American Public Opinion and 'Overseas Militarism'
No one can seriously look at the last two decades and conclude that the U.S. has become overly attached to non-interventionism.
Edward Luce has a very strange recollection of the last 15 years:
The US public turned against overseas militarism when the Iraq war began to go wrong under George W Bush. It has stayed that way ever since. Fifteen years on, it is easy to presume American “non-interventionism” has become the settled view of its people. But US history — and common sense — suggests that the climate can switch rapidly from cold to hot when confronted with new facts. Think of what happened after 9/11. Now imagine hordes of Ukrainians fleeing as Russian tanks churn up their towns this winter.
I wish it were true that there had been a sharp turn against “overseas militarism” back then, but this doesn’t describe public opinion or U.S. policies during the last 15 years.
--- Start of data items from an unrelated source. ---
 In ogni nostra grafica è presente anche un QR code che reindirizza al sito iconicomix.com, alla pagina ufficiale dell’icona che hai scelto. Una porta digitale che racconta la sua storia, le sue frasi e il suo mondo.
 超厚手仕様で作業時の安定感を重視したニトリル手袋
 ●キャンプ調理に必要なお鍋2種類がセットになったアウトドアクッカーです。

The public definitely did turn against the wars in Iraq and Afghanistan, but within just a few years of withdrawing the bulk of U.S. forces from Iraq there was broad public support for bombing ISIS in Iraq and then in Syria. This supports Luce’s point that public opinion is fickle and changeable on these issues, but it also makes the rest of his column seem rather odd.
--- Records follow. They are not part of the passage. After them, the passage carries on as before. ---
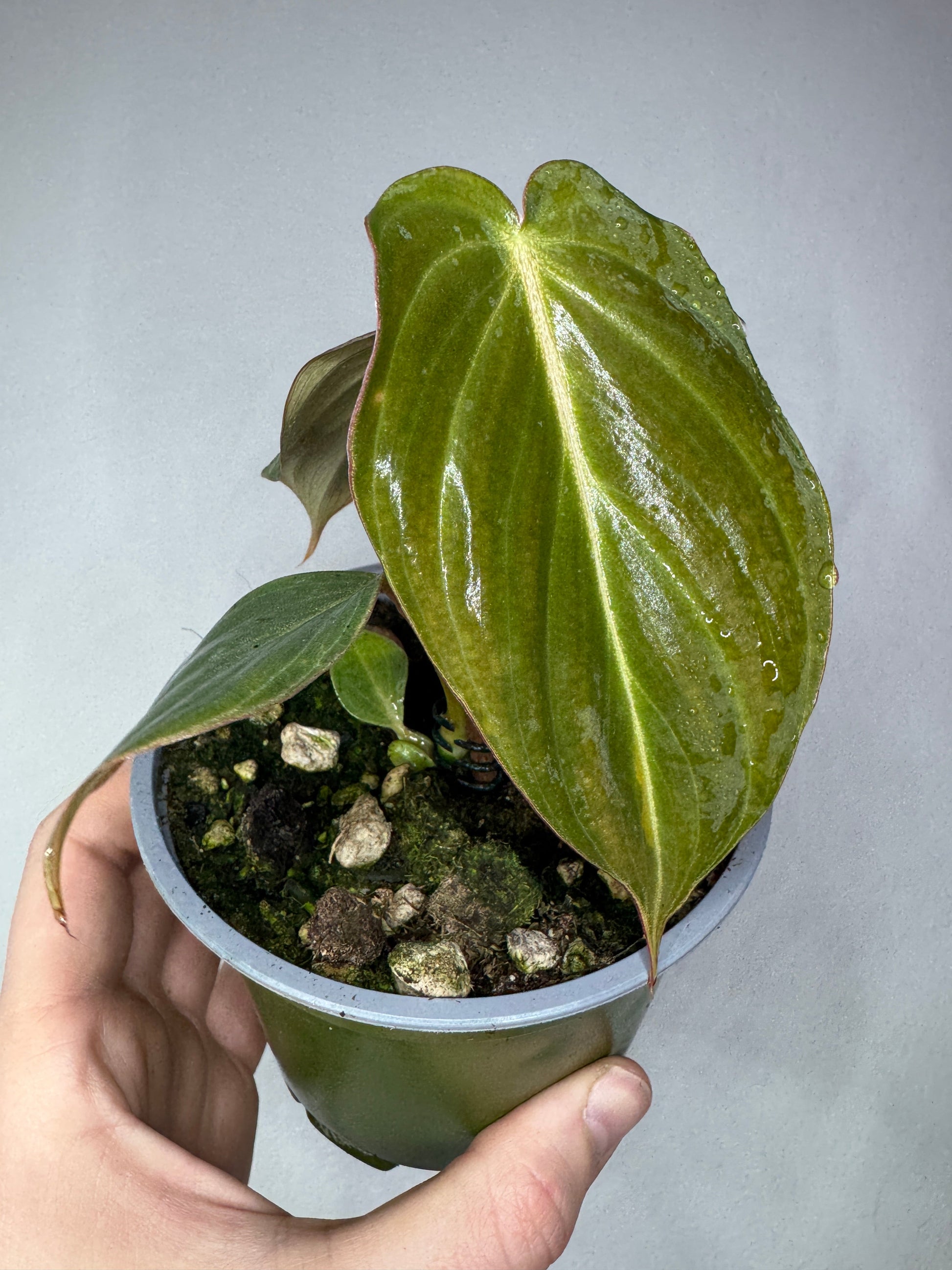 Philodendron 'Glorious' is a rare and beautiful hybrid between Philodendron gloriosum and Philodendron melanochrysum . This plant combines the velvety texture of melanochrysum with the creeping habit of gloriosum, making it a striking yet manageable choice for indoor plant enthusiasts. Its large, velvety, heart-shaped leaves with prominent veins make it a true showstopper in any plant collection.
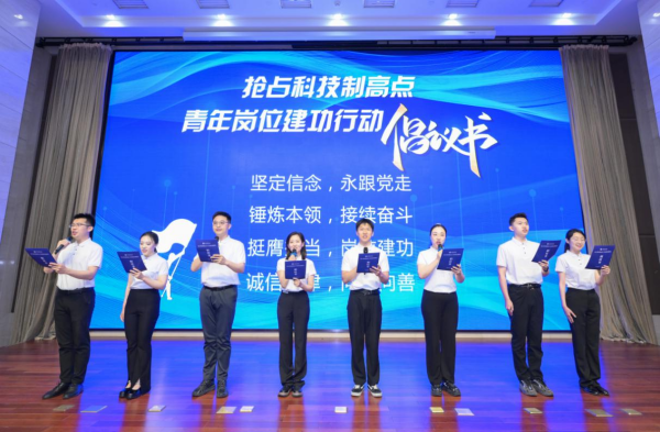 青年代表宣讀《搶占科技制高點 青春崗位建新功——致全院廣大青年的倡議書》。
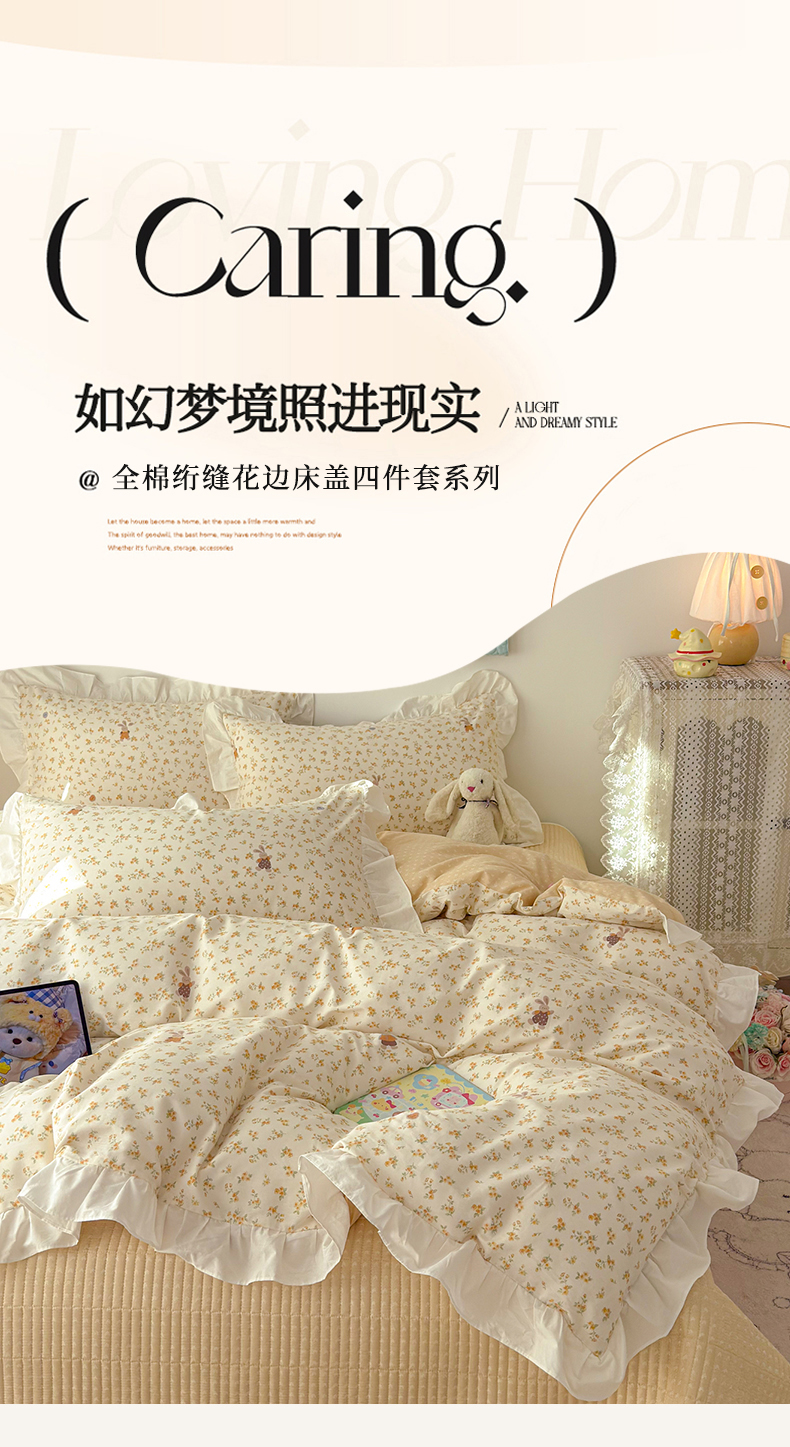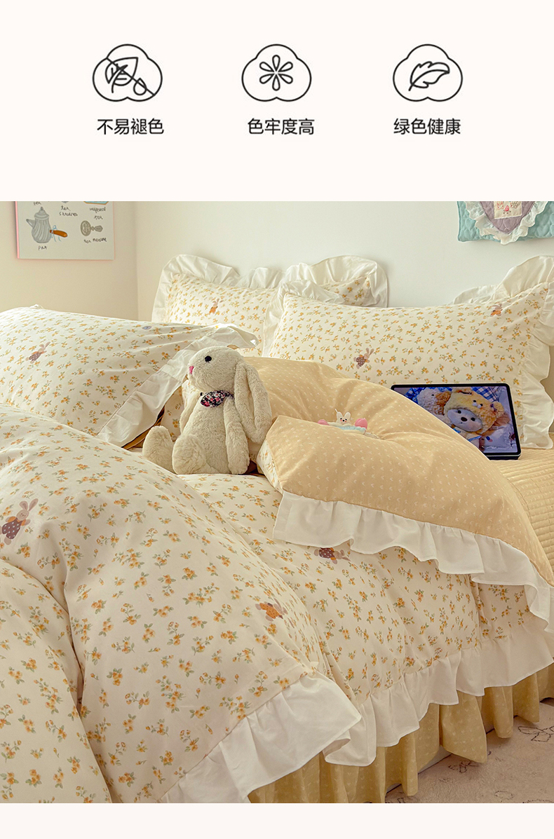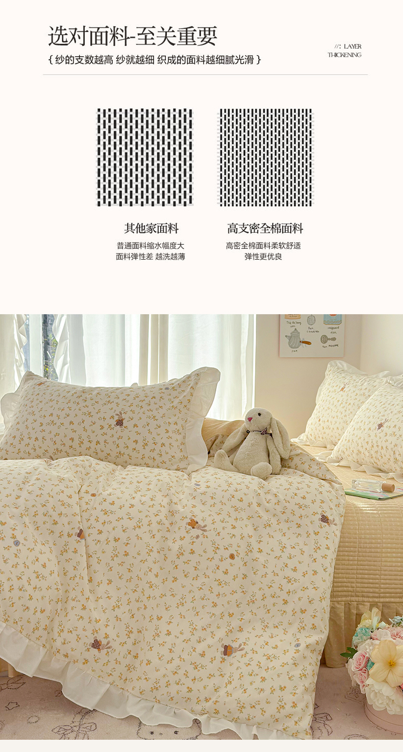 当前位置: 91家纺网 > 商品网购 > 床品套件 > 四件套 > 全棉普通四件套 > 简宜家居(朝初家纺) 2026新款全棉绗缝花边床盖四件套 暖菊花兔
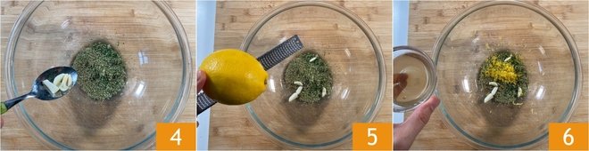 To prepare the pan-fried chicken thighs, first mix the rosemary 1, parsley 2, and dried oregano 3 in a large bowl.

Luce imagines that China and Russia are intent on taking advantage of what he calls American “sullenness,” but this seems like an absurdly American-centric way of understanding their views. The Russian government is not convinced that the U.S. has turned non-interventionist. The current crisis is the result of their assumption that the U.S. and NATO are too involved in Ukraine, and the Russian government is now insisting that this change. There is misreading going on here, but it is a Western misreading of the causes of the crisis.
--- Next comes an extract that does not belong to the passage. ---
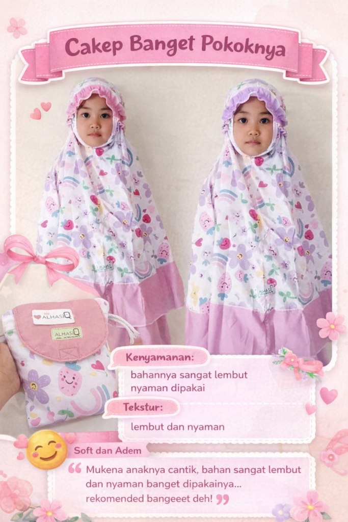 Material menggunakan Katun POLY Rayon Premium dikombinasikan dengan Katun Micro Import. Hasilnya? Mukena yang sangat lembut, adem di kulit, dan jatuh cantik saat digunakan.
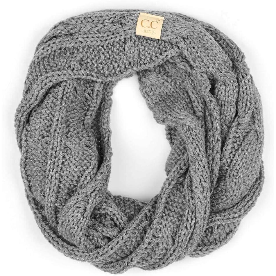 C.C Kids Cable Knit Infinity Scarf For Boys Girls - Comfortable Soft Warm Children Youth Knit Muffler(Lt.mel Grey)

No one can seriously look at the last two decades and conclude that the U.S. has become overly attached to non-interventionism (no scare quotes required) in response to the failures of Iraq and Afghanistan. Quite the contrary. There has been a steady drumbeat of interventionist talk on Taiwan, Ukraine, and in favor of attacking Iran for much of the last year. Despite the obvious dangers of over-commitment and catastrophic wars, the mood in D.C. seems alarmingly confrontational on all fronts. Hawks have already been trotting out their Munich references before Biden has done anything.
The public has been moving in a more hawkish direction for some time. Surveys show that the diet of propaganda has had an effect in making the public at least nominally more supportive of sending U.S. forces to fight for countries where the U.S. has no vital interests, including Taiwan and Ukraine. The numbers vary depending on the survey, but support for intervention in all cases is trending upwards. That is not a response to “new facts,” but something is changing because political leaders and media outlets are driving public opinion in this direction. Public opinion doesn’t just “turn hawkish.” It is shaped to become so. Because public opinion is so malleable, it is also safe to assume that these views are lightly held and don’t tell us how deep the public’s support for military options is. Judging from how quickly the public soured on our previous failed wars, we should assume that the public will also “turn” on any new major wars early on.
I remain skeptical that Russia will launch an attack, much less the full-on invasion that Luce conjures up here, but if there is an attack it isn’t going to be because Moscow believes that the U.S. is insufficiently interventionist and militaristic. The consistent Western failure to understand how threatening the U.S. government’s military presence and activities appear to other states is a massive blind spot. That blind spot prevents us from understanding why other states react the way that they do, and that makes it much more difficult to avert unnecessary conflicts. Unfortunately, our overseas militarism is thriving, and it is contributing to instability in several different parts of the world as we speak.
Oh dear.
"We got around to the subject of war again and I said that, contrary to his attitude, I did not think that the common people are very thankful for leaders who bring them war and destruction.
'Why, of course, the people don't want war,' Goering shrugged. 'Why would some poor slob on a farm want to risk his life in a war when the best that he can get out of it is to come back to his farm in one piece. Naturally, the common people don't want war; neither in Russia nor in England nor in America, nor for that matter in Germany. That is understood. But, after all, it is the leaders of the country who determine the policy and it is always a simple matter to drag the people along, whether it is a democracy or a fascist dictatorship or a Parliament or a Communist dictatorship.'
'There is one difference,' I pointed out. 'In a democracy the people have some say in the matter through their elected representatives, and in the United States only Congress can declare wars.'
'Oh, that is all well and good, but, voice or no voice, the people can always be brought to the bidding of the leaders. That is easy. All you have to do is tell them they are being attacked and denounce the pacifists for lack of patriotism and exposing the country to danger. It works the same way in any country.'"
Say what you want about Hermann Goering, he had a wealth of practical experience in manufacturing consent for aggressive war.
Only American-boots-on-the-ground militarism has fallen out of fashion. Arming rogue regimes to the teeth, funding murderous proxy militants, drone and air strikes don't count. Trump who had a back and forth with Ted Cruz in the 2016 primaries about who would be more willing to carpet-bomb civilian population centers in Iraq and Syria is considered a "non-interventionist."